Task prompt ▸
Pictures stay out of this copy; please retype only the lines from the start of the records through the line with "De toda la radiación".

Extracted data entries:
"""
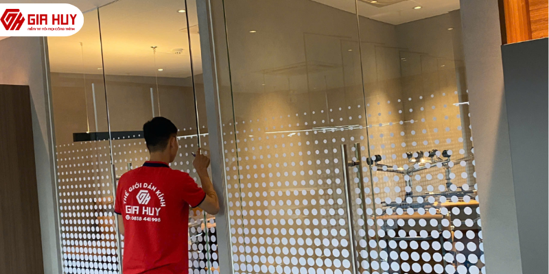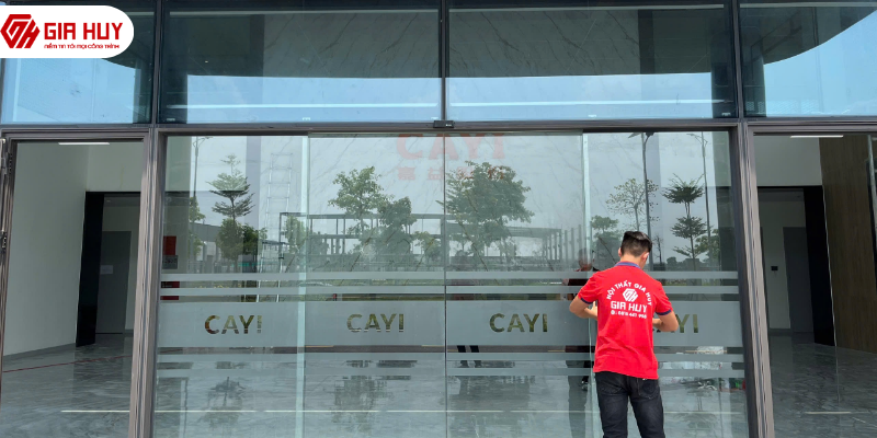 Với sự hỗ trợ của công nghệ CNC, logo hoặc tên công ty sẽ được cắt thủng trên nền decal mờ, tạo thành những mảng trong suốt nổi bật trên kính.
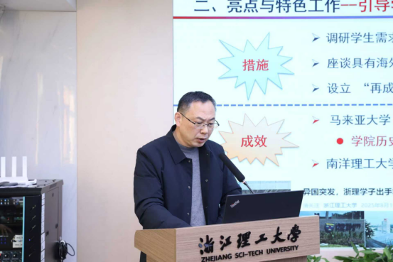 会上,国际处(港澳台办)汇报学校教育国际化重点工作及核心指标推进情况,杂志社汇报国际丝绸组织筹建工作进展,纺织学院(丝绸学院)、服装学院、信息学院(网安学院)、启新学院、马兰戈尼学院(时装学院)等5家学院做经验分享。
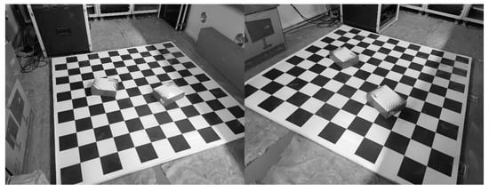 First, many lines and points, whose positions are known as ground truth, were placed in the FOV, and then we chose some of them to estimate the pose and focal length for our proposed method and other SOTA methods. After estimating, stereo vision [] was used to measure the 3D positions of the left points as the measured values. The accuracy of the measured value is affected by the camera’s pose and focal length. The pose and focal length were estimated by our proposed method and other SOTA methods. Hence, the measurement accuracy between the measured value and ground truth can reflect the accuracy of our proposed method. Next, we set up the real scenarios and captured real images from two different views by the cameras [], shown in Figure 9.
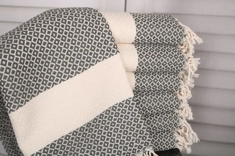 The 40x71 inches or 100x180 cm beach towel is crafted from organic Turkish cotton or natural linen, ensuring durability and absorbency. Weighing 400 grams, it provides a balance between size and weight. The dimensions are precisely 40x71 inches, with a hand-weaving tolerance of 1-2.5 cm.
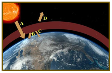 De toda la radiación que emite el Sol, solo una mínima parte llega a la superficie de la Tierra y eso es debido a la atmósfera, la suma de varias capas compuestas por diversos gases esencial para la vida en nuestro planeta. Este escudo protector natural, además de bloquear los objetos que impactan a gran velocidad desde el espacio como los meteoritos, actúa como un filtro de la radiación nociva para los seres vivos permitiendo solo el paso de un tercio de la misma, el resto de radiación es absorbida o reflejada por las nubes y otros gases de vuelta al espacio.
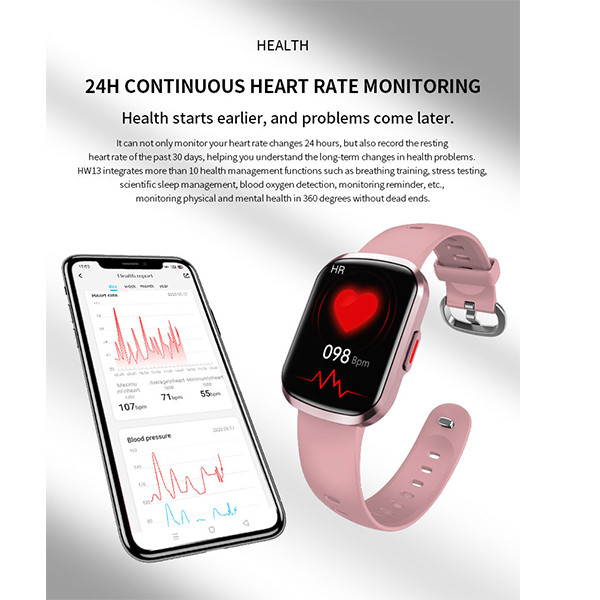 ساعت هوشمند دات کاما مدل HW13 در واقع مدل گران تر و با کیفیت تر مدل HW12 می باشد. در این مدل تمامی سنسور های سلامتی بر خلاف بسیاری از ساعت های ارزان قیمت چینی واقعی و دقیق می باشند در به صورت 24 ساعته وضعیت سلامت شما را پایش می کنند. ساعت HW13 دارای صفحه نمایش بسیار با کیفیت IPS با حاشیه بسیار کم بوده و همچنین مجهز به سنسور های سنجش ضربان قلب، اکسیژن خون، گام شمار و چرخش دست می باشد که به همراه بند 20 میلیمتری با کیفیت از نوع سگکی و قابل تعویض ارائه می گردد.
"""
Answer to the problem ▸
 Với sự hỗ trợ của công nghệ CNC, logo hoặc tên công ty sẽ được cắt thủng trên nền decal mờ, tạo thành những mảng trong suốt nổi bật trên kính.
 会上,国际处(港澳台办)汇报学校教育国际化重点工作及核心指标推进情况,杂志社汇报国际丝绸组织筹建工作进展,纺织学院(丝绸学院)、服装学院、信息学院(网安学院)、启新学院、马兰戈尼学院(时装学院)等5家学院做经验分享。
 First, many lines and points, whose positions are known as ground truth, were placed in the FOV, and then we chose some of them to estimate the pose and focal length for our proposed method and other SOTA methods. After estimating, stereo vision [] was used to measure the 3D positions of the left points as the measured values. The accuracy of the measured value is affected by the camera’s pose and focal length. The pose and focal length were estimated by our proposed method and other SOTA methods. Hence, the measurement accuracy between the measured value and ground truth can reflect the accuracy of our proposed method. Next, we set up the real scenarios and captured real images from two different views by the cameras [], shown in Figure 9.
 The 40x71 inches or 100x180 cm beach towel is crafted from organic Turkish cotton or natural linen, ensuring durability and absorbency. Weighing 400 grams, it provides a balance between size and weight. The dimensions are precisely 40x71 inches, with a hand-weaving tolerance of 1-2.5 cm.
 De toda la radiación que emite el Sol, solo una mínima parte llega a la superficie de la Tierra y eso es debido a la atmósfera, la suma de varias capas compuestas por diversos gases esencial para la vida en nuestro planeta. Este escudo protector natural, además de bloquear los objetos que impactan a gran velocidad desde el espacio como los meteoritos, actúa como un filtro de la radiación nociva para los seres vivos permitiendo solo el paso de un tercio de la misma, el resto de radiación es absorbida o reflejada por las nubes y otros gases de vuelta al espacio.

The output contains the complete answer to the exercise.